The 13 artists are associated with historical references. Can you explain?
The individual rooms for each of the thirteen artists are arranged like small retrospective exhibitions. Having a young audience in mind, I thought it was important to show the masterpieces of each artist. So, in the Fabro room, we have, of course, the first Italia. It's the map of Italy upside down. And in Michelangelo's room, of course, we have the first Venus of the Rags, la Venere degli stracci. But I also felt it was necessary to broaden the range of Arte Povera and to show how this sensibility, oriented towards a phenomenological reduction of the experience of reality, and an attention to the way in which matter itself contains energy, should also be explained as something that endures over a long period of time.
So, for example, in Kounellis' room, I wanted to show the relationship between the reduction to zero, and, at the same time, the profound spirituality of Malevich's work. And how, at the end of the 20th century, the response to Malevich, that repeats Malevich, is the square of black charcoal that comes out of the canvas and falls to the ground. It is a black square but also coal. So this simple act from Malevich, in the midst of the development of cinema and photography, is very similar to ethics and aesthetics. Or ethical aesthetics, depending on Kounellis's point of view.
Why do you set up a dialogue between Arte Povera and more contemporary art?
In my opinion, I don't see Arte Povera as a movement from the late 1960s. It's a state of mind, a point of view on what a work of art can be. This point of view, this state of mind, has existed for centuries. And it also existed after Arte Povera. So I wanted to perpetuate the essence of Arte Povera and show that it exists in the works of artists all over the world, not just in Italy, and who began working after the Arte Povera period. If we look back at the 1980s, 1990s, 2000s and 2010s, in each period, throughout the post-Arte Povera period, we find artists who wanted to resist and go against what was complicated art, the overly complicated art of their time.
In South Africa in the 1980s, for example, there was a young artist called William Kentridge, who was just beginning to work. Around 1989, he made his first Drawing for Projection. In other words, a poor form of animation, a simplified version of it, at the same time as Pixar was starting to make "rich" animation. And this man began to draw on paper with charcoal, and cancel, erase and tear up pieces of black paper. He made what I define as poor film, poor cinema and poor animation.

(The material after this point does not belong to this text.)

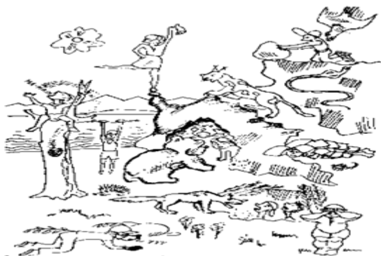
Рисунок 11 – Ущерб природе

14. «Знатоки природы» По очереди обучающимся включают для прослушивания голоса птиц и животных. Ребятам, необходимо определить, кому принадлежат данные голоса и записать названия в том порядке, в котором включались.

In my opinion, I don't see Arte Povera as a movement from the late 1960s. It's a state of mind, a point of view on what a work of art can be.

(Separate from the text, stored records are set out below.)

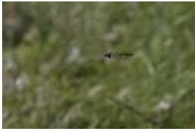
Torf-Mosaikjungfer - Aeshna juncea (Linnaeus, 1758), patrouillierendes Männchen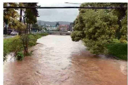
EL ESTERO DE REÑACA SE DESBORDÓ EN LAJARILLA Y AMENAZÓ CON SALIRSE EN LA PARTE BAJA.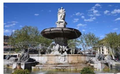
Fontaine de la Rotonde

Place de l'Hôtel de Ville avec le beffroi et son horloge, cour de la mairie.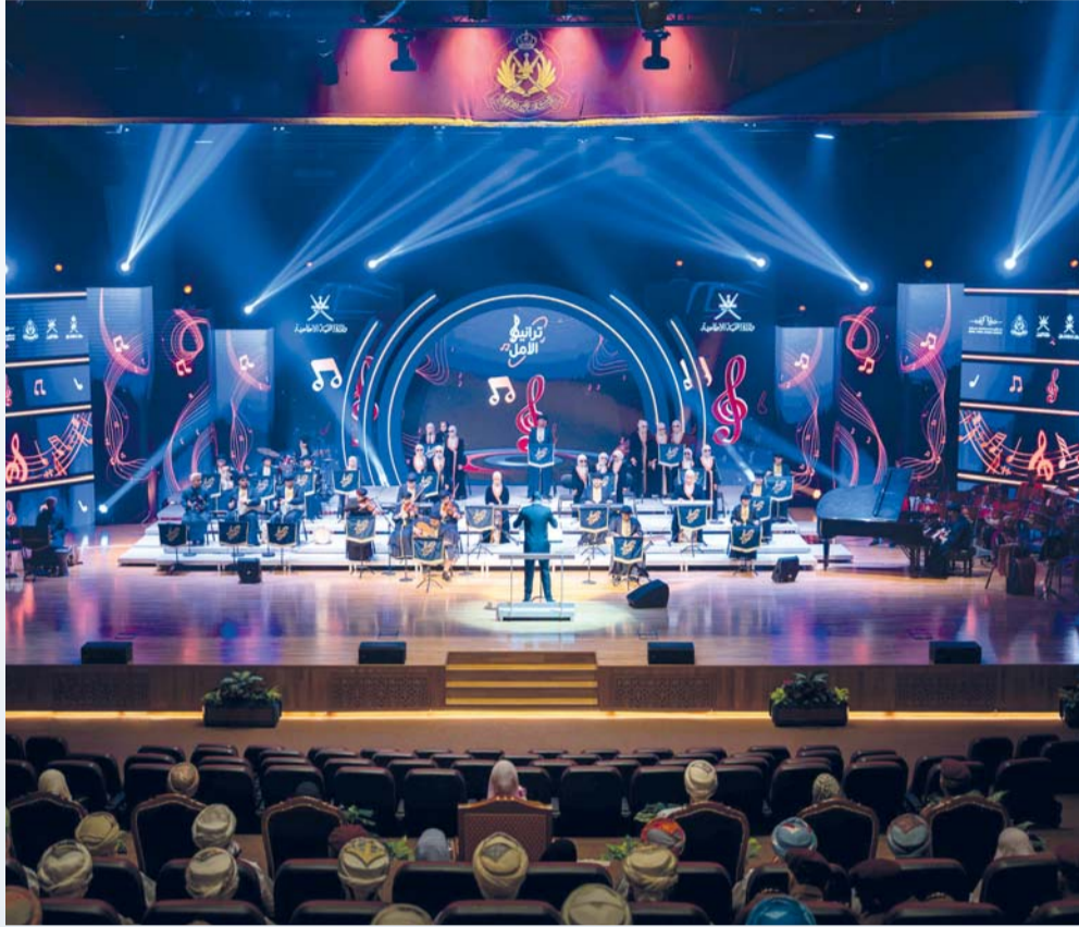
لوحات فنية عبّرت عن رسالة الفرقة وما تحمله من معانٍ إنسانية ملهمة.

مسقط. العُمانية: برعاية كريمة من السيدة الجليلة حرم جلالته السلطان حفظها الله ورعاها. دشنت وزارة التنمية الاجتماعية، على مسرح قيادة الحرس السلطاني العُماني، فرقة «ترانيم الأمل»، في مبادرة إنسانية وفنية تجسد الاهتمام الكرمي بتمكين أصحاب الهمم والاحتياجات الخاصة، وفتح آفاق أرحب أمامهم للتعبير عن مواهبهم وإمكاناتهم، وإبراز شغفهم، وصل طاقاتهم الإبداعية عبر الموسيقى والفنون.

What is Arte Povera today?
Since the exhibition at the Bourse de Commerce opened its doors, the public has amazed me. What I've seen is a young public. It fills me with joy, but it also confirms something that I've been feeling. Arte Povera is an art movement, a point of view on art that is extremely important for those who live in the current digital age, with their smartphones, and who are a little fed up with social media. We're engulfed by social media, by this narcissistic melancholy. All eyes on us, always trying to showcase ourselves as alienated work to others.

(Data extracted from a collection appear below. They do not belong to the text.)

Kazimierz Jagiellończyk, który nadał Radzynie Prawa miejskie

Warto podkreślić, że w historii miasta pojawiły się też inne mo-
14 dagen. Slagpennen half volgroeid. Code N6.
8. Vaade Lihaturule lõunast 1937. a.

There's a fragility in the contemporary digital subject, who is ready, I think, and who would like nothing more than to be in relationship with the hic et nunc, here and now, me, my body, what I can know through my senses. It is this sensuous knowledge, this possibility, that Arte Povera has set down in the relationship between the physical and the mental, the continuity between the sensual and the ethereal, between the abstract and the concrete.